Thursday, August 27, 2020

Time is Elastic: Mental Relativity

Einstein’s theory of general relativity proved how time is relative to any observer, depending on their frame of reference.  It appears to also have a psychological aspect, in that time seems to slow down or speed up in certain situations.  Our experience of time tends to slow down in situations like accidents, emergencies, drug use, meditation, and listening to music.  Body movement has little to do with the experience of time slowing down; therefore, it’s probably not a physical manifestation the same way relativity is.  
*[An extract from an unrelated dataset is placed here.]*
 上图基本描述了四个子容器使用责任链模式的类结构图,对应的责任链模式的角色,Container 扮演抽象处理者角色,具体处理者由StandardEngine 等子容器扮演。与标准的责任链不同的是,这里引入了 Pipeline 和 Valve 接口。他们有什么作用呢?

Furthermore, time seems to speed up in other situations.  The phrase “time flies when you’re having fun” applies to almost everyone, no matter what they’re doing.  Time seems to speed up drastically during sleep as well.  There’s a nearly universal experience of people not feeling like they slept for x number of minutes when they really did.    
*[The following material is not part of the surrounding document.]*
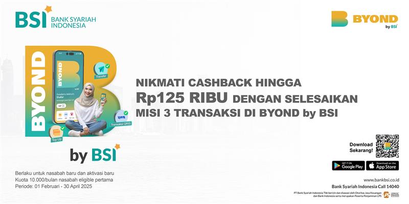 | Deskripsi | Program pemberian cashback bagi nasabah yang melakukan aktivasi dan transaksi min. 3x transaksi sesuai ketentuan melalui BYOND by BSI |

Author Steve Taylor thinks these experiences are related to altered states of consciousness, and I would have to agree.  Altered states during drug use and dreaming seem to have the ability to slow down or speed up our perception of time.  This is remarkable when you consider how ingrained the dimension of time is in the current scientific paradigm, as a linear variable or constant.  

I don’t think it strictly has to be an altered state of consciousness that creates mental time dilation.  It’s quite possible that there’s a spectrum of it, depending on the degree of variance experienced, just as the degree of variance would depend on the observer’s frame of reference in general relativity.  These are two sides of the same coin.  In the physical realm, the speed of an observer is probably a function of time to the same degree that the severity of an altered state is in the mental realm.  For example, a state of extreme shock or pure joy would have a higher effect on our experience of time than a less extreme one.    

I also think that somehow the degree of time dilation in the mind depends on the rate of neurotransmitter transmission in the brain, or certain combinations of them.  The greater the altered state of consciousness, the greater (or lesser) the amount of neurotransmitter activity.  

This would make for an interesting study that neurologists should have a crack at.  Obviously, there would be no way to measure such mental variance, since it’s an immaterial quantity.  But in social sciences, surveys can be just as effective in discovering the truth as experiments.  If the hypothesis is correct, it would suggest that time elasticity exists in both the material realm and the mental one.  The dimension of time would prove to be elastic on multiple planes of existence, which I don’t think would surprise very many of the spiritually inclined people who also follow science. 

 

Taylor, Steve.  2005.  Making: Why Time Seems to Pass at Different Speeds and How to Control It.  Icon Books.